The invention is directed to a medical device, the medical device comprising a balloon catheter, a first stent, and a second stent. The balloon catheter has a shaft and an inflatable balloon mounted to the shaft at the distal end, the balloon has a distal portion having a first outer diameter and a proximal portion having a second outer diameter, wherein the first diameter is smaller than the second diameter and a transition region is located between the distal portion and the proximal portion of the balloon. A first stent having a first nominal diameter is mounted on the distal portion of the balloon and a second stent having a second nominal diameter is mounted on the proximal portion of the balloon. A distal portion of the second stent overlaps a proximal portion of the first stent, wherein the proximal end of the first stent is positioned proximal to the distal end of the second stent.

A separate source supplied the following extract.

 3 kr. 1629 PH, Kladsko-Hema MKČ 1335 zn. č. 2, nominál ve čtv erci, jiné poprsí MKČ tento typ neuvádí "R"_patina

The medical device further comprises a pre- cannulation means providing a passage from the interior of the second stent to the exterior of the first stent passing the stent overlapping portion between the inner surface of the second stent and the outer surface of the first stent.

The invention is further directed to a kit comprising the medical device as described above and a second balloon catheter carrying a third stent.

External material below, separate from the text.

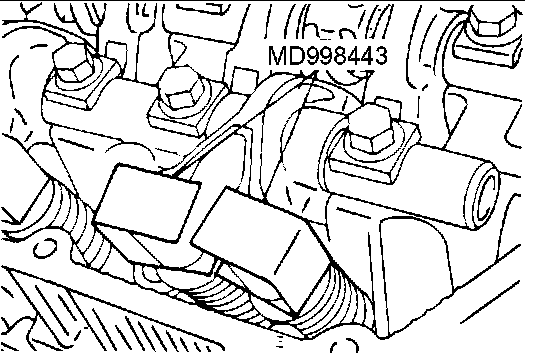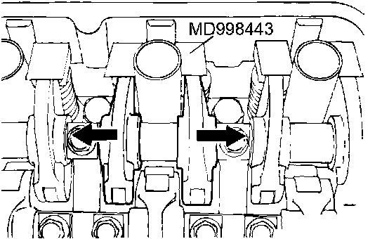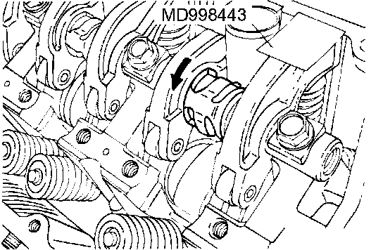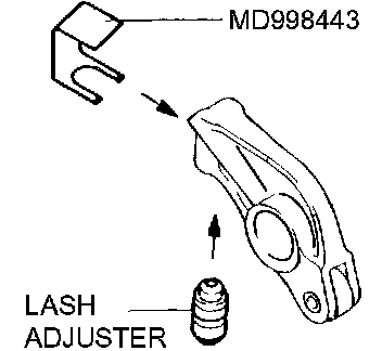 Set special tool MD998443 to prevent the lash adjuster coming free and falling to the floor.

The invention is further directed to a stent assembly of three stents for stenting a bifurcated vessel, the stent assembly comprising a first stent having a first diameter, a second stent having a second diameter, the second diameter being greater than the first diameter, and a third stent having a third diameter, the third diameter being smaller than the second diameter, wherein the first and third stent are arranged in parallel to each other and wherein a distal portion of the second stent overlaps both, a proximal portion of the first stent and a proximal portion of the third stent.

The invention is further directed to a method for treatment of a bifurcated vessel. In a preferred embodiment, the method of the present invention is directed to a treatment of a lesion in the region of the bifurcation of the common femoral artery (CFA), deep femoral artery (DFA), and superficial femoral artery (SFA).

The accompanying drawings, which are incorporated in and constitute part of this specification, are included to illustrate and provide a further understanding of the product and method of the invention. Together with the description, the drawings serve to explain the principles of the invention. BRIEF DESCRIPTION OF THE DRAWINGS

FIG. 1 is a schematic view of a medical device in accordance with the invention;

FIG. 2 is a cross-sectional view taken along lines A-A in FIG. 1 ;

FIG. 3 is a schematic view of a stent assembly in accordance with the present invention.

DETAILED DESCRIPTION OF THE INVENTION

In accordance with the present invention a medical device for treatment of lesions in a bifurcated vessel is provided.

The bifurcated balloon-expandable stent assembly is designed to treat occlusive disease in bifurcations.

There are two options to achieve the above-mentioned goals. In a first embodiment, the bifurcated stent disclosed consists of 3 stents that are interconnected. The first and second stents are arranged subsequently along a longitudinal axis of the stents with the proximal end of the first stent overlapping the distal end of the second stent. This first and second stent arrangement is further pre-cannulated for fenestration in the overlap zone to receive a third stent which branches off the overlapping zone.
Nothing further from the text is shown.